Батышев взял сухарь с колбасой. Он сразу сник и поскучнел. Он любил и умел говорить, легко держал любую аудиторию и гордился этим, как свидетельством своей профессиональной силы. Но тут он был беспомощен. Эта странная девица словно бы автоматически отключалась, едва разговор уходил чуть в сторону от ее сиюминутных желаний, сомнений и нужд. Казалось, весь огромный и бесконечный мир - лишь необязательный придаток к тому, другому, таившемуся за ее сумрачным лбом…
Они допили чай, доели колбасу, и Батышев вежливо посидел в кухне, пока она убрала со стола. И лишь тогда сказал:
- Знаете что, Марина? Вы издергались за день - ложитесь-ка спать. Я посижу тут; а вы пока ложитесь.
- Что значит "вы"? - переспросила она. - А вы?
- Я постараюсь в кресле.
- Еще чего! - сказала девушка, и обида у Батышева прошла. Слушатель ему попался тяжелый, зато с товарищем повезло. - И вообще я не хочу спать, - продолжала Марина. - Знаете что? Ложитесь вы.
- Ну уж нет. Вы женщина.
Она возмутилась:
- Вот чушь! Какое это имеет значение?
- А что тогда имеет значение? - усмехнулся Батышев.
- То, что вы хотите спать, а я нет.
И опять, даже в этой мелочи, Батышева поразила прямота ее мысли: она шла мимо правил приличия, мимо привычной житейской дипломатии - прямо к сути дела.
По инерции он продолжал упрямиться. Тогда она сказала:
- Вам же нужно выспаться. Мне не обязательно, а в вашем возрасте лучше выспаться.
Он расхохотался - на комплименты она была мастер. Марина посмотрела с недоумением, потом, поняв, расхохоталась тоже.

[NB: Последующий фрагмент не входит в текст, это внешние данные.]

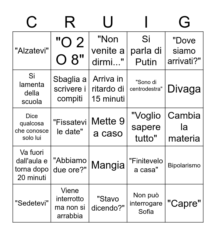 This bingo card has 65 words: Sbaglia registro, Riaccede al registro più volte, "Non voglio sapere tutto", Bipolarismo, Spiegazione effettivamente interessante, Si scorda di interrogare, "O 2 O 8", "Porco diaz", Arriva in ritardo di 15 minuti, Interroga anche se non doveva, Mangia, Si parla di epstein, Cambia la materia, "Dove siamo arrivati?", "Pompa", Si lamenta della scuola, "Fissatevi le date", "Alzatevi", Mette 2 a caso, "Sono di centrodestra", "Abbiamo due ore?", Va fuori dall'aula e torna dopo 20 minuti, Si parla di Putin, Si inventa una storia assurda, "Io sono filoamericano", Sbatte la cattedra, Daddo e Cristian sono malati, "Si vede la mappa?", Mette 9 a caso, "State scrivendo?", "Sedetevi", Non finiamo il video, "Basta così", "Ma è suonata?", "Finitevelo a casa", Viene interrotto ma non si arrabbia, manda a prendere un tè, Dice qualcosa che conosce solo lui, Non può interrogare Sofia, Chiede aiuto per il pc/la lim, Sbaglia a scrivere i compiti, Video, "Voglio sapere tutto", "Quante ore abbiamo?", "O 3 O 7", Telefonata, Divaga, Viola sta calando, "Capre", Libro ellettronico, "Non scrivete", "Va' l'audio?, Pregia una figura storica, "Stavo dicendo?", Andiamo fuori, Batteria della bici, Si lamenta dell'Italia, "Non venite a dirmi...", Scambia Sofia con Viola o viceversa, "Che succede?", Consiglia un libro a Viola, "Come ci sono arrivato?", Extra- comunitario, "Animali!" and Il passaporto.
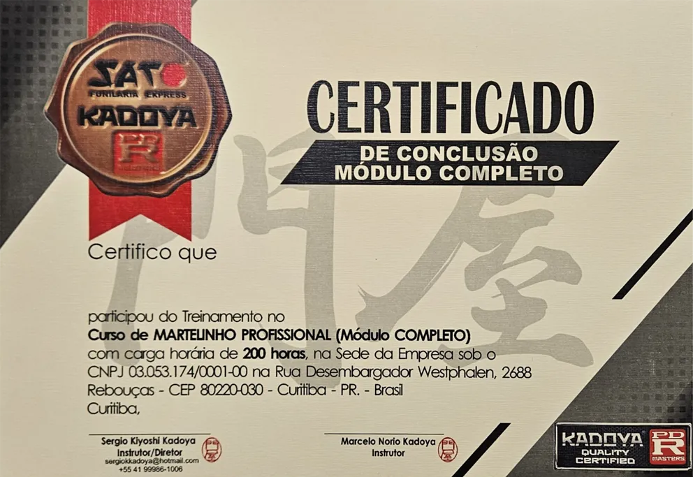 Quando concluir o curso, o professor Sergio o irá te avaliar, e se você estiver apto para ser um profissional qualificado, receberá o certificado renomado no mercado de Martelinho de Ouro.
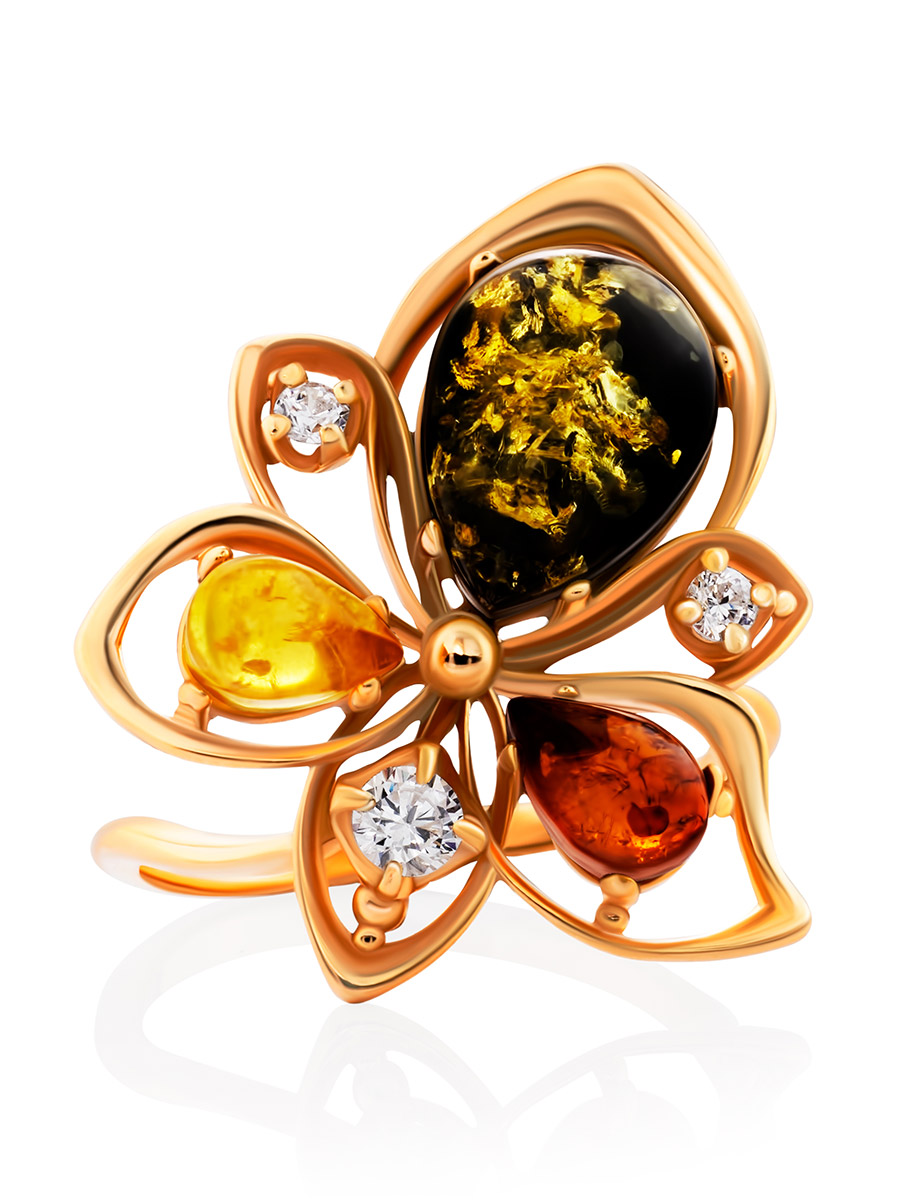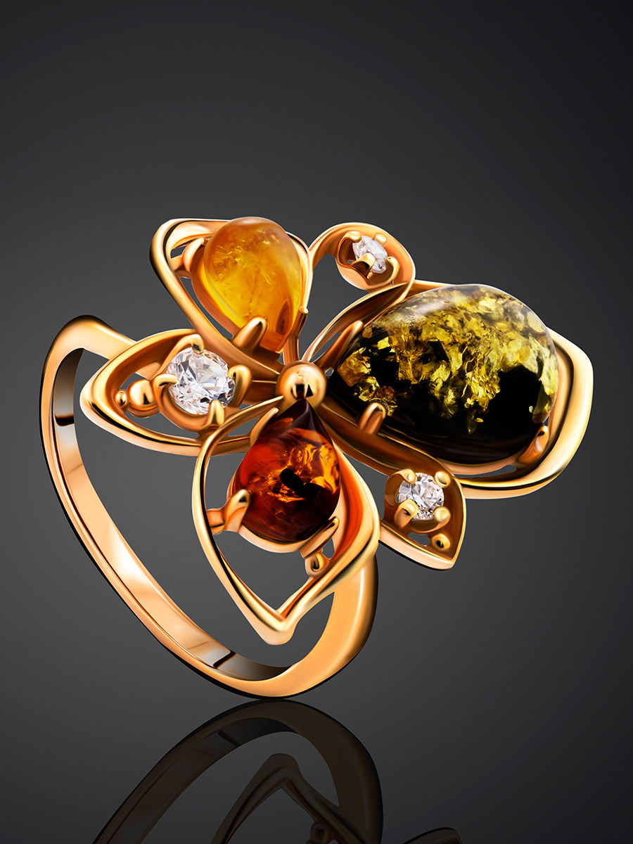 Потрясающее яркое кольцо из янтаря «Эдельвейс»
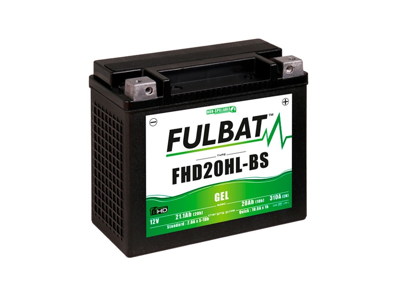 Batería Fulbat FHD20HL-BS (H.D.) GEL. La batería de moto Fulbat FHD20HL-BS (H.D.) GEL es ideal para quienes buscan un producto de calidad que ofrezca la máxima seguridad, un elevado rendimiento y además tenga un precio económico. Dotada con la tecnología (VRLA) libre de fugas y lista para utilizar sin ningún tipo de manipulación, ya que viene totalmente activada por Fulbat.

Они перешли в комнату. Видимо, хозяйка уехала недавно, воздух не успел застояться, но Батышеву все же почувствовался пыльный привкус нежилья. Он подошел к форточке.
- Вам не будет холодно?
- Я не мерзну, - сказала Марина. - И знаете что? Если вам все равно, говорите мне "ты".

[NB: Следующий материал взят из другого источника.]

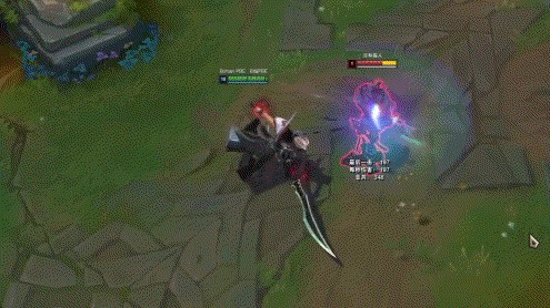 剑圣的E技能技能特效展示,剑圣在开启E技能时,刀剑颜色会换成黑紫色,单论特效而言,我个人觉得这样的特效会使的剑圣的刀科技感十足,也比较符合主体身份, 不过也很像以前老电视机的花屏一样。
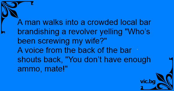 Влиза мъж в бар с пушка. - Кой е спал с жена ми? Чува се глас от дъното: - Нямаш достатъчно куршуми, пич!
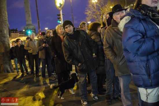 当地时间2015年1月14日,法国巴黎,民众正在排队等待购买最新一期的《沙尔利周刊》。
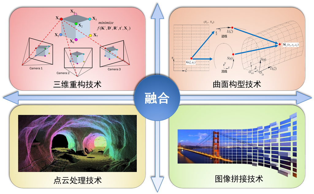 3DZI技术主要指将结构物三维实景模型(3D Reconstruction Model)和可深度缩放的结构物表观全景影像(Deep Zoom Image)运用于结构检查检测的技术方法,融合了三维重构技术、曲面构型技术、点云处理技术和图像矫正拼接技术。该技术主要可以用于结构物表观检查、检测以及结构物尺寸和净空的检查。表观检查、检测
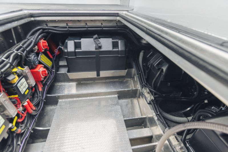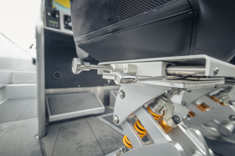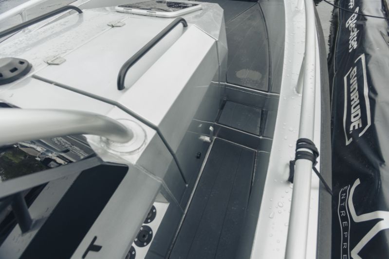 Det framgår tydligt av allt, att Anytec är byggd för tuff körning. Dess heltäckande aluminiumstruktur är exceptionellt styv och det V-formade skrovet med variabel vinkel är djupt: 23 grader akter och 48 grader i fören. Räcken, pollarna och T-topptaket är alla svetsade. Skrovet är en traditionell motorbåtsdesign, d.v.s. kraftiga steglister, men utan steg.
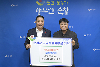 ¼øÃ¢±º ÃâÇâÀεéÀÌ ¿¬ÀÌ¾î °íÇâ»ç¶û±âºÎ±ÝÀ» ±âŹÇÏ¸ç ¼øÃ¢»ç¶û ½Çõ¿¡ ¾ÕÀå¼°í ÀÖ´Â °¡¿îµ¥ ¼øÃ¢±º µ¿°è¸é Ãâ½Å ±â¾÷ÀÎ ±¤Ãµ½Ç¾÷ ±èÁ¾¿Á ´ëÇ¥°¡ 18ÀÏ ¼øÃ¢±º °íÇâ»ç¶û±âºÎ ÃÖ°í¾× ±âºÎÀÚ¿¡ À̸§À» ¿Ã·È´Ù.
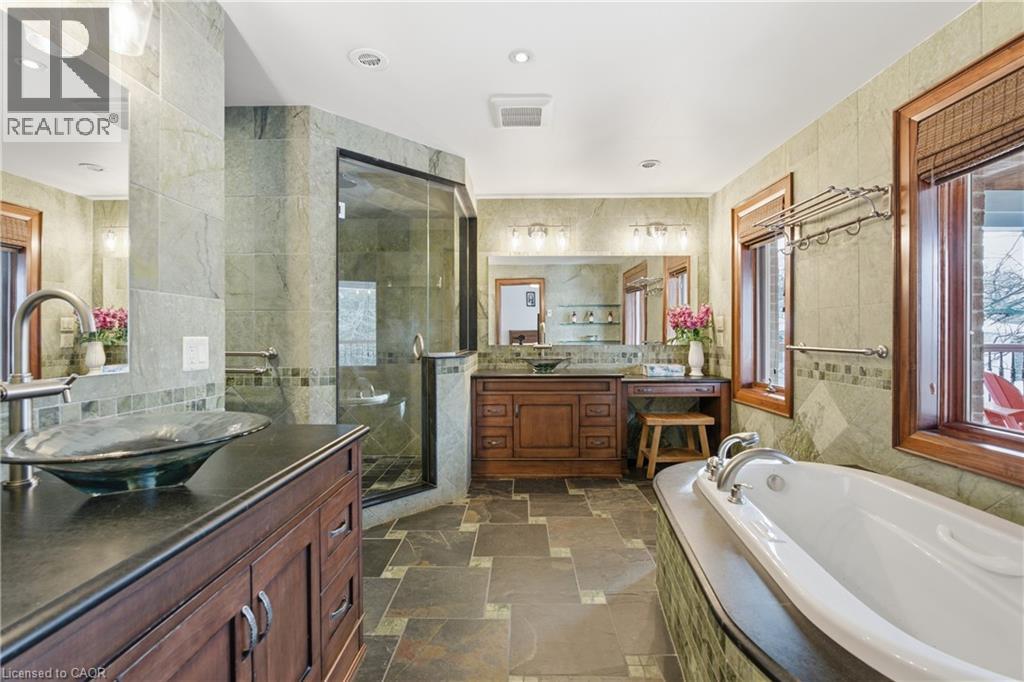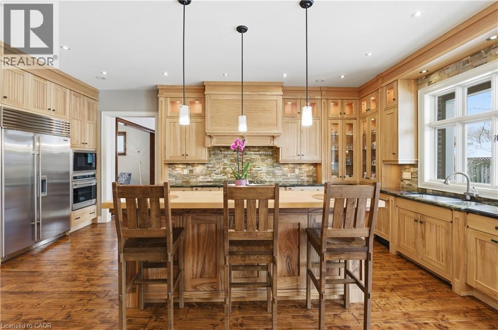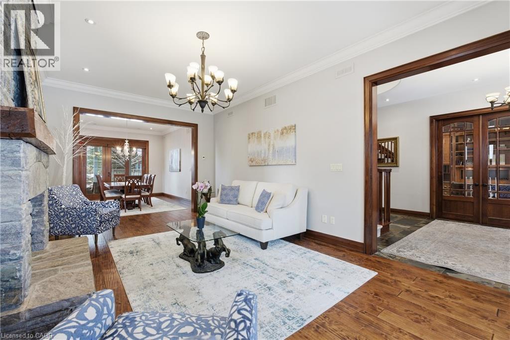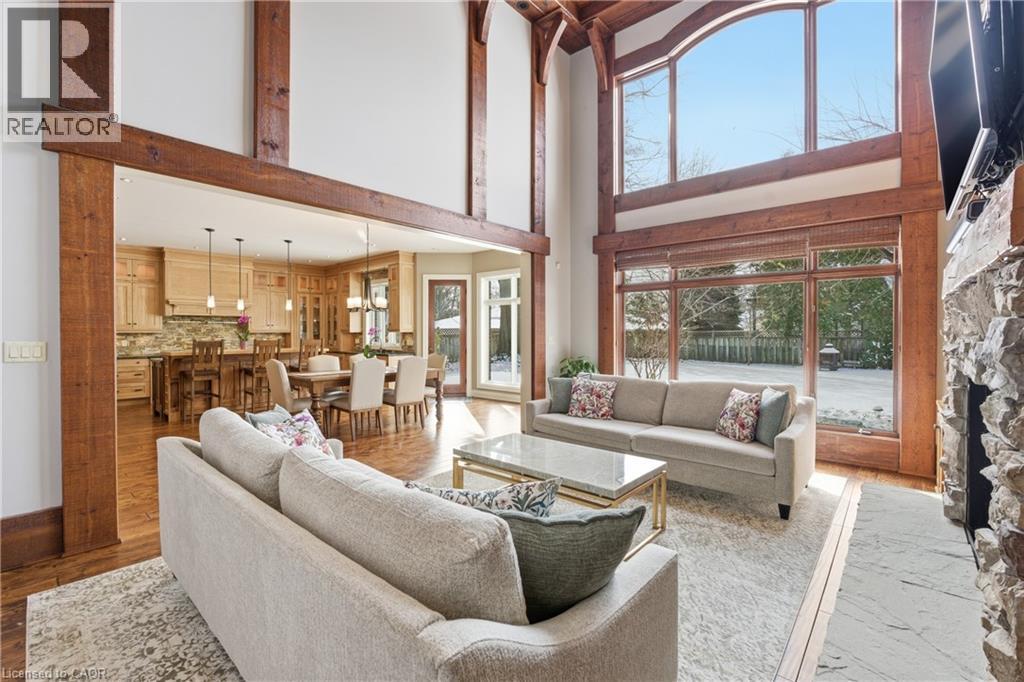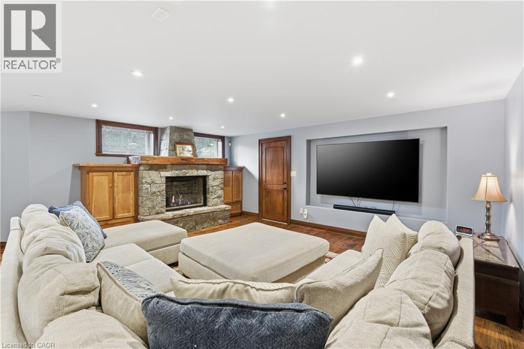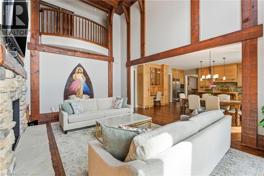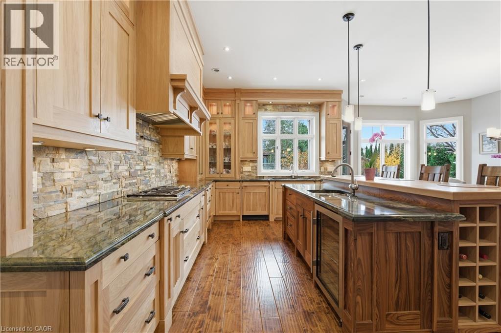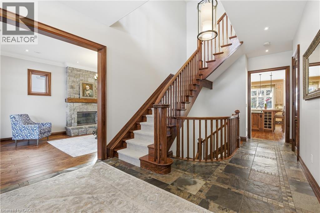 Montana lodge - inspired luxury, with 6688 sq ft of total living space, in one of South Burlington’s most coveted neighbourhoods, nestled in the desirable Tuck School District. This exceptional 4+1 bedroom, 5-bath home blends timeless elegance with modern comfort, featuring generous principal rooms, high-end finishes, and custom millwork throughout. The main level offers 10 ft ceilings, a grand great room with coffered ceiling and fireplace, formal dining room, living room, breakfast nook, private office, and a gourmet chef’s kitchen with premium appliances. A spacious mudroom with garage and side-entrance access completes this level. Upstairs, the primary retreat includes a fireplace, spa-inspired ensuite, walk-in closet, and private balcony. Three additional bedrooms with ensuite access and a second-floor laundry room provide ideal family convenience. The lower level features a separate entrance, a full in-law suite, a stylish rec room with fireplace, sauna, and a wet bar/additional kitchen—perfect for extended family or elevated entertaining. Situated on an impressive 75' x 150' south-exposed, professionally landscaped lot, and just minutes to parks, the lake, and Appleby GO, this home delivers the very best of Burlington luxury living. (69946707)

- Как хочешь, - сказал он, - мне не трудно.
Он сел в кресло. Ему совсем не хотелось спать и не хотелось пользоваться сомнительным преимуществом возраста.

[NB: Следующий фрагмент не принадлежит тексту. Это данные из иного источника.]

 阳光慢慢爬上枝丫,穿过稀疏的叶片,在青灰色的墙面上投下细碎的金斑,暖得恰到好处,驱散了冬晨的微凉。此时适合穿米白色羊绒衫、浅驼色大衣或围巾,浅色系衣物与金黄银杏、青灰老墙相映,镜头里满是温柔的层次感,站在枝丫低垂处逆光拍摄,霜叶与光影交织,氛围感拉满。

- Ну, так что будем делать?
Марина, не отвечая, прошлась по комнате и, остановившись у книжных полок, резко, как мальчишка палкой по забору, провела пальцем по корешкам. Звук вышел рассыпающийся, дребезжащий.
- Давайте гадать, - вдруг предложила она.
- Каким образом?
- По стихам. Называешь страницу и строчку - а там глядим, что кому вышло.
Батышев пожал плечами. Ночь предстояла длинная, спать, скорей всего, не придется. Гадать так гадать.
Выбрали томик Элюара и толстую книгу пословиц и поговорок. Марина принимала это дело всерьез, страницы листала стремительно, и рот ее был жадно приоткрыт. Если строчка выпадала пустая или бессмысленная, она ее вслух не произносила и тут же называла другие цифры. Поэтому процент удач был довольно высок. Батышев почти сразу получил прекрасную строчку: "Мой дом - его тебе я подарил".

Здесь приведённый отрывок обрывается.